I was 16 years old. He was 19. I was in Oregon, he was in Washington. States apart, wildly different upbringings, stark contrast in personality, ego-checking skill gap between us. 

Yet he told me he wanted to end it all. And I understood. But I also understood that he shouldn’t end it all because underneath the raunchy jokes, the fierce trash talk, and the laundry list of drugs actively in his system all the time, he was just a scared boy. 

Just like I was. And still am now sometimes, even at a ripe 29. 

But before we finish this story, I want to share others, Gospel accounts, according to an Xbox user named ObiwanCalobi182. Formerly known as killerkeller23. 

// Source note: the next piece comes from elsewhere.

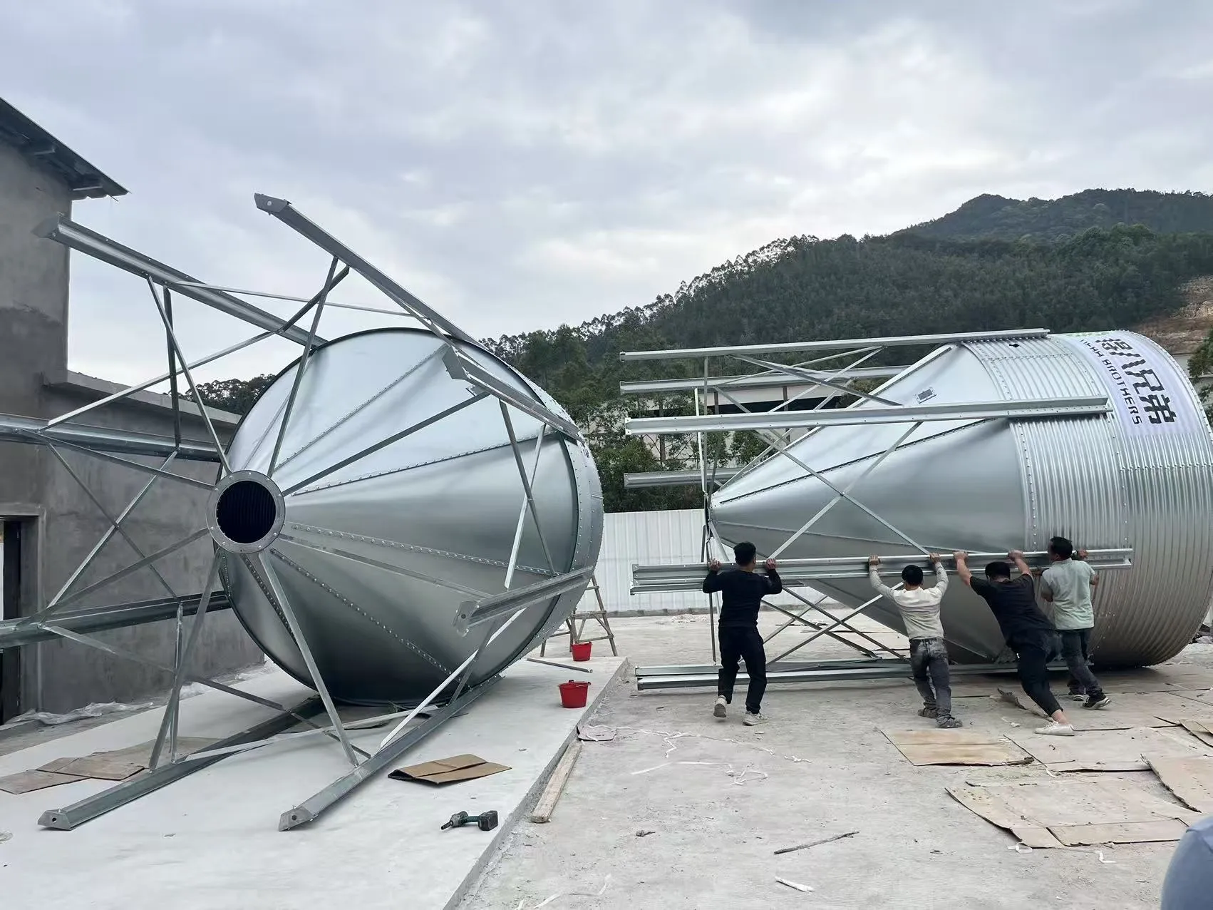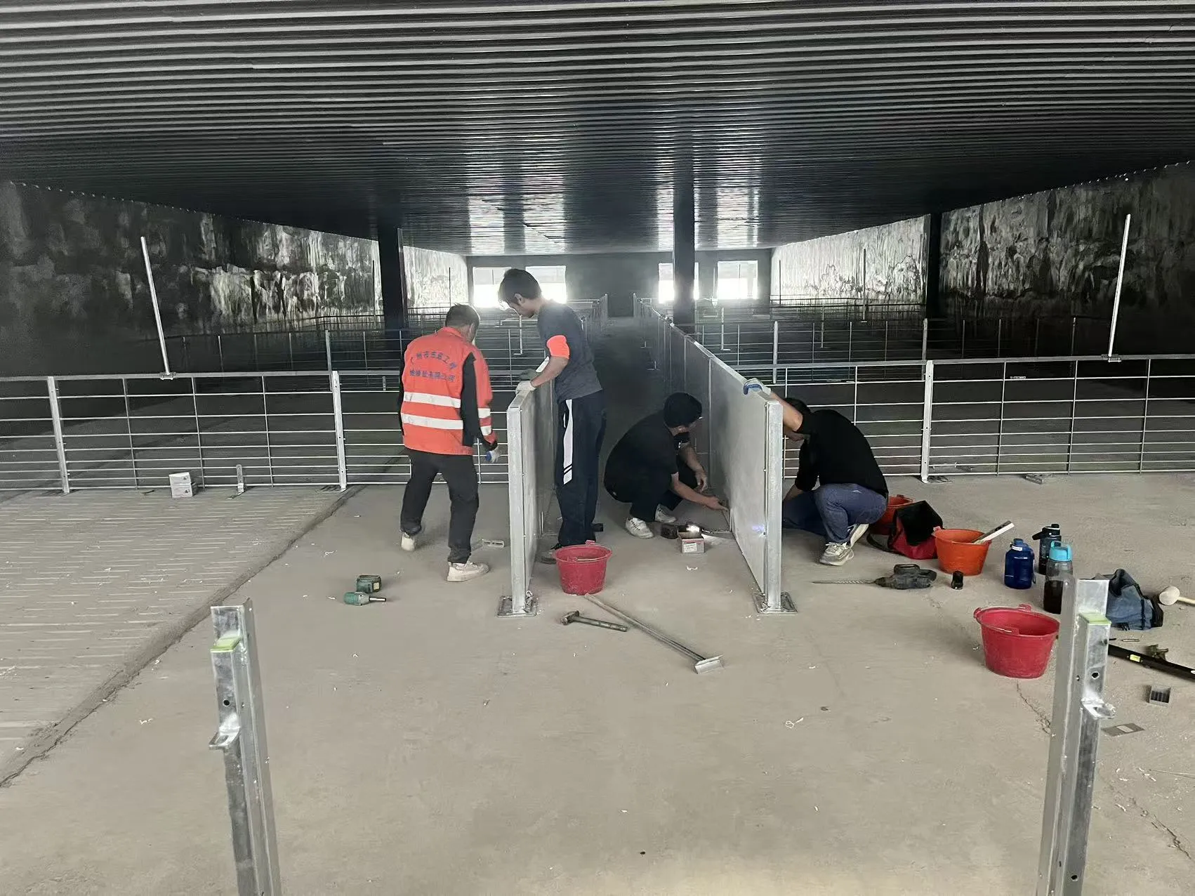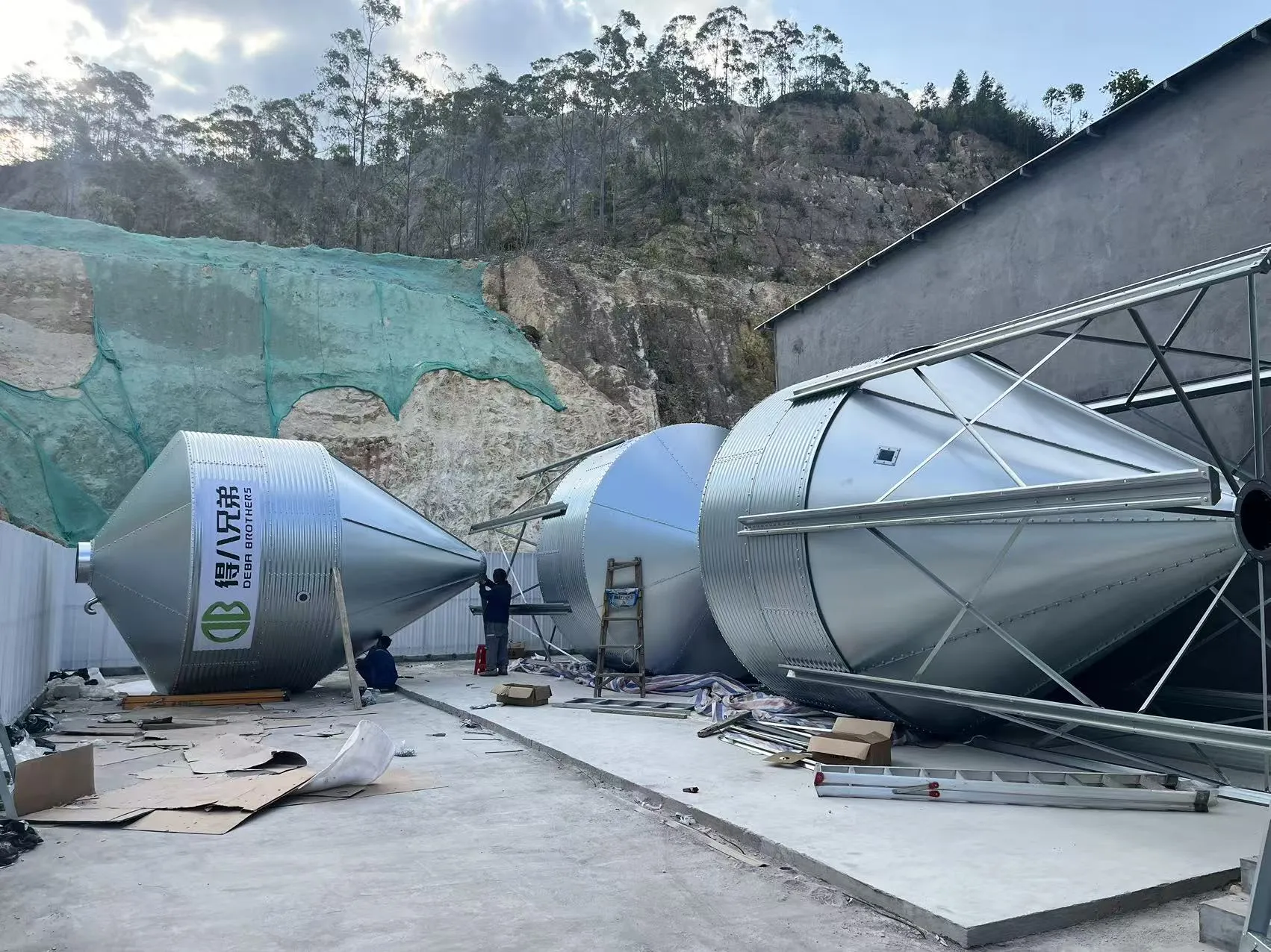 Die Bauzeit wird voraussichtlich drei Monate dauern. Derzeit sind die Arbeiter damit beschäftigt, Futtersilos zu installieren und die Ställe fertigzustellen, und die Bauarbeiten sind in vollem Gange.
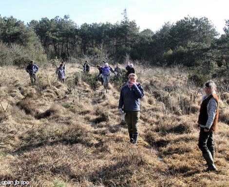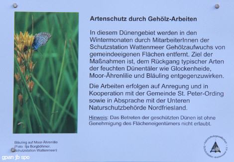 „Ich will etwas Nützliches tun. Hier kann ich die Feuchtwiesen und damit seltene Pflanzenarten erhalten.“ Martha Koelling verbringt ihr BFD (Bundesfreiwilligendienst) – Jahr auf Föhr und ist für dieses Wochenende nach St. Peter-Ording gekommen. „An die Temperaturen gewöhnt man sich!“, sagt sie lachend. Heute scheint die Sonne auf dieses Feuchtdünental. Sina Pünger aus Baden-Württemberg leistet ihr freiwilliges ökologisches Jahr (FÖJ) bei der Schutzstation Wattenmeer in St. Peter-Ording ab. „Hier ist es wunderschön, ich erlebe die Jahreszeiten hautnah, draußen bei den Führungen durch das Watt, durch die Dünen oder bei der Vogelzählung. Alle Jahreszeiten bei jedem Wetter!“ Und ihr gefällt das gemeinsame Arbeiten mit den anderen Jugendlichen. Dass sie genau wissen, warum sie hier die Birken auf etwa ein Meter Höhe absägen, die Kiefern tief absägen oder die Erlen stehen lassen, dafür sorgte auch die Diplom-Biologin Sabine Gettner, Geschäftsführerin des FÖJ-Trägers in Husum. Sie hat diesen Einsatz gemeinsam mit der unteren Naturschutzbehörde Nordfriesland und der Gemeinde St. Peter-Ording organisiert. Die Mitarbeiter des Bauhofes haben schon größere Bäume gefällt und jetzt sind die Jugendlichen dabei, Äste und Zweige über die kleinen Gräben springend aus dem Tal zu ziehen. Bis Ende Februar wollen sie in dem Feuchtdünental fertig sein. Die Maßnahmen sollen dazu beitragen, dass typische Arten dieses seltenen Biotops wieder eine Chance bekommen, sich auszubreiten. Da ist zum Beispiel der „Beinbrech“, der dort wächst, wo man sich ein Bein brechen kann, nämlich dort, wo man von Pflanzenbüschel zu Pflanzenbüschel springen muss, um keine nassen Füße zu bekommen. Der „Beinbrech“ ist die gefährdete Moor-Ährenlilie, in schönen gelben Blütentrauben blühend, die wiederum den Bläuling, einen Schmetterling, anzieht. An feuchten Stellen blüht auch die Glockenheide (Erica tetralix). Landesweit vom Aussterben bedroht ist der blau blühenden Lungenenzian. Sabine Gettner hofft, dass sich auch der Mittlere Sonnentau wieder ansiedeln könnte, der hier Ende der 90er Jahre noch wuchs, aber inzwischen verschwunden ist.

killerkeller23 was a far different animal than ObiwanCalobi182. Introverted with introverted tendencies, freshly christened with an Xbox as opposed to his home PlayStation, and equally laced with angst, sadness, and confusion. What the dictionary calls melancholy. Anyway, this keller fellow wanted the sniper. 

For non gaming types, I’ll make what’s normally gibberish and use layman’s terms. The sniper is what cool kids want. It’s the gun that gets you cool highlights. It’s the status that either makes you or breaks you in the gaming world. You’re either the dopest player online or the chump who’s making everyone else lose.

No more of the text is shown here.